By the end of this notebook, you'll have a clear understanding of when and how to use extended thinking to improve your AI workflows.

In [1]:
!pip install -r requirements.txt -qU --disable-pip-version-check

In [None]:
# Import required libraries
import boto3
from botocore.config import Config
import json
import time
import pandas as pd
import matplotlib.pyplot as plt
from termcolor import colored
from IPython.display import display, Markdown, HTML

## 1. Overview of Claude 3.7 Sonnet's Capabilities

Claude 3.7 Sonnet represents Anthropic's most advanced model to date, released in February 2025. It introduces several key improvements over previous Claude models:

### Key Capabilities

- **Hybrid Reasoning Approach**: Claude 3.7 Sonnet can operate in both standard mode and "extended thinking" mode, allowing you to control when the model engages in deeper reasoning.

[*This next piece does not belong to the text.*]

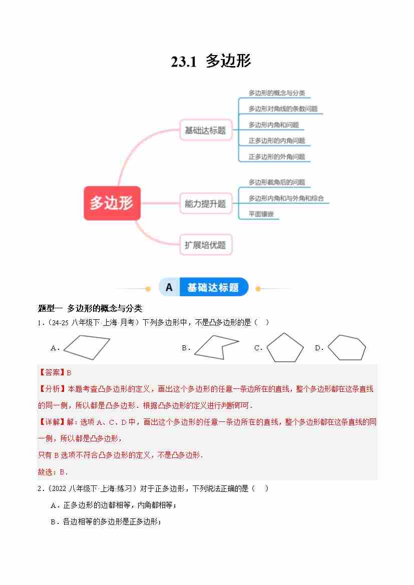 23.1 多边形(题型专练)数学新教材沪教版五四制八年级下册(解析版)

- **Increased Output Length**: Supports up to 64K output tokens (8x longer than previous models), with up to 128K tokens in preview.

- **Enhanced Computer Use**: Improved capabilities for computer interaction, including additional actions like scroll, wait, left mouse down/up, hold key, and triple click.

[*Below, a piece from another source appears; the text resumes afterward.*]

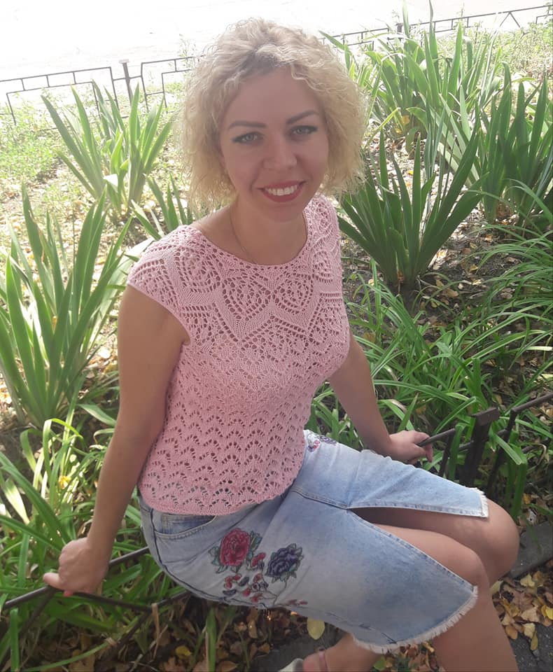 лиц. гладью на спицах № 4: 20 п. и 24 р. = 10 х 10 см.

- **Improved Code Generation**: Leading performance on coding benchmarks, particularly with SWE-bench Verified.

- **Reasoning Budget Control**: When using the API, you can control exactly how much "thinking power" to allocate to a task, from the minimum required budget to much larger allocations for complex problems.

Claude 3.7 Sonnet excels at tasks requiring deep analysis, complex problem-solving, and multi-step reasoning - while maintaining the ability to provide quick responses when extended thinking isn't needed.

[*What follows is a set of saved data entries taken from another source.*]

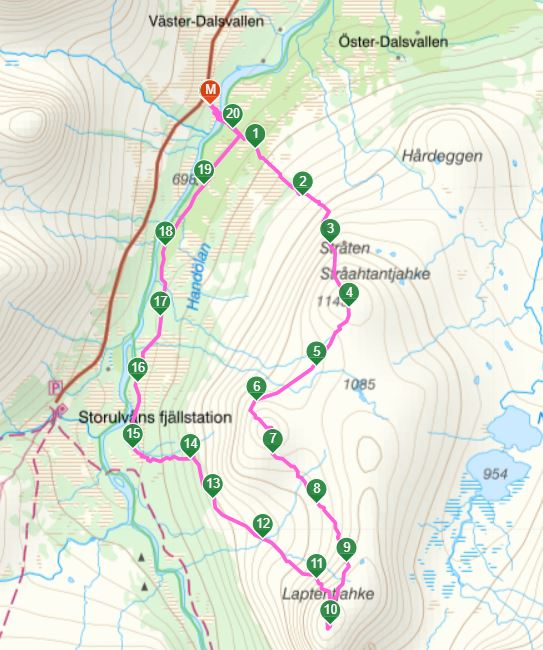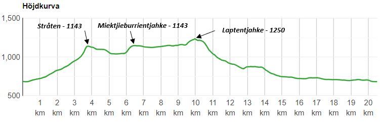 Den här dagen blev det 20,3 km med 892 höjdmeter. I princip lika långt som dagen innan men knappt hälften så många höjdmeter. Effektiv tid ute blev 4.07 h men totalt var vi nog ute i ca 5 h. Vi såg inte en enda människa under hela dagen på det stiglösa fjället, bara en handfull renar när vi kom ned till grusvägen.
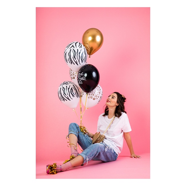 Balões de látex brancos com estampado de zebra. Combine-os com balões de outras cores e crie uma combinação espetacular.
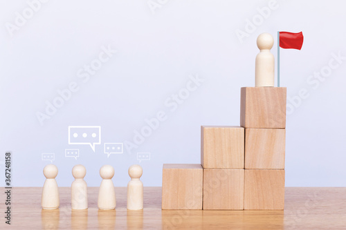 Success businessman standing on the pedestal. A group of businessmen with competition in business
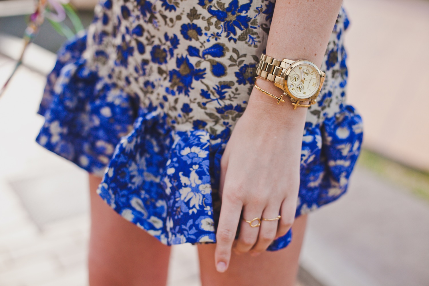 Looks great gold and floral pattern. Summer light dress can be successfully combined with a thin gold jewelry and large watches.

## 2. Understanding Extended Thinking

### What is Extended Thinking?

Extended thinking is a groundbreaking capability that allows Claude to solve complex problems through step-by-step reasoning that is visible to the user. Think of it like watching a mathematician work through a proof on a whiteboard, rather than just seeing the final answer.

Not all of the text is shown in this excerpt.